Violation would mean:
Unequal variance → inefficient estimates and unreliable hypothesis tests.
#Normality of Residuals
Histogram of residuals
Shapiro–Wilk test
Ideal outcome:
Points lie approximately on the straight line in the Q-Q plot.
Violation would mean:
Confidence intervals and p-values may be inaccurate. #RMSE for Multiple Regression
# Correct residuals for model2
res2 <- residuals(model2)
# Correct RMSE
RMSE <- sqrt(mean(res2^2))
RMSE
## [1] 4.056417
On average, the model’s predicted life expectancy differs from the actual value by about 4 years per country. This reflects moderate prediction accuracy for cross-country life expectancy.

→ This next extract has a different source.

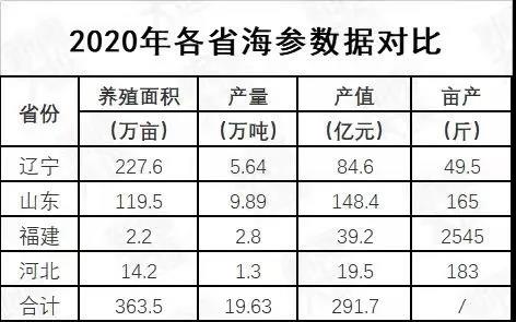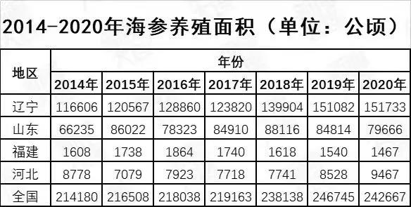 据公开报道,目前大连市海参养殖规模达193万亩(约128700公顷),其中底播养殖129万亩(约86000公顷),根据《中国渔业统计年鉴》的数据,2020年,大连底播海参养殖面积已经超过了山东省海参养殖面积的总和。

#Effect of Large Residuals
If certain countries have very large residuals:
Confidence in predictions for those countries decreases.
It may indicate:
Missing predictors (education, inequality, disease burden, conflict)
Measurement error
Unique country-specific circumstances
These should be examined using:
Cook’s Distance
Leverage
Outlier diagnostics #Multicollinearity Check for Hypothetical Example
model3 <- lm(CO2 ~ Energy + Electricity, data = data)
# Check correlation
cor(data$Energy, data$Electricity)
## [1] NA
# Check VIF
library(car)
## Loading required package: carData
vif(model3)
## Energy Electricity
## 2.74052 2.74052
summary(model3)
##
## Call:
## lm(formula = CO2 ~ Energy + Electricity, data = data)
##
## Residuals:
## Min 1Q Median 3Q Max
## -12.7559 -1.1406 -0.2020 0.7143 7.3751
##
## Coefficients:
## Estimate Std. Error t value Pr(>|t|)
## (Intercept) 7.998e-01 2.655e-01 3.012 0.00311 **
## Energy 3.122e-03 1.066e-04 29.290 < 2e-16 ***
## Electricity -7.044e-04 5.526e-05 -12.747 < 2e-16 ***
## ---
## Signif. codes: 0 '***' 0.001 '**' 0.01 '*' 0.05 '.' 0.1 ' ' 1
##
## Residual standard error: 2.331 on 131 degrees of freedom
## (83 observations deleted due to missingness)
## Multiple R-squared: 0.899, Adjusted R-squared: 0.8974
## F-statistic: 582.8 on 2 and 131 DF, p-value: < 2.2e-16
Because Energy and Electricity measure closely related aspects of energy usage, their high correlation causes multicollinearity, which weakens the statistical reliability of the regression coefficients, even though overall CO₂ prediction may remain strong.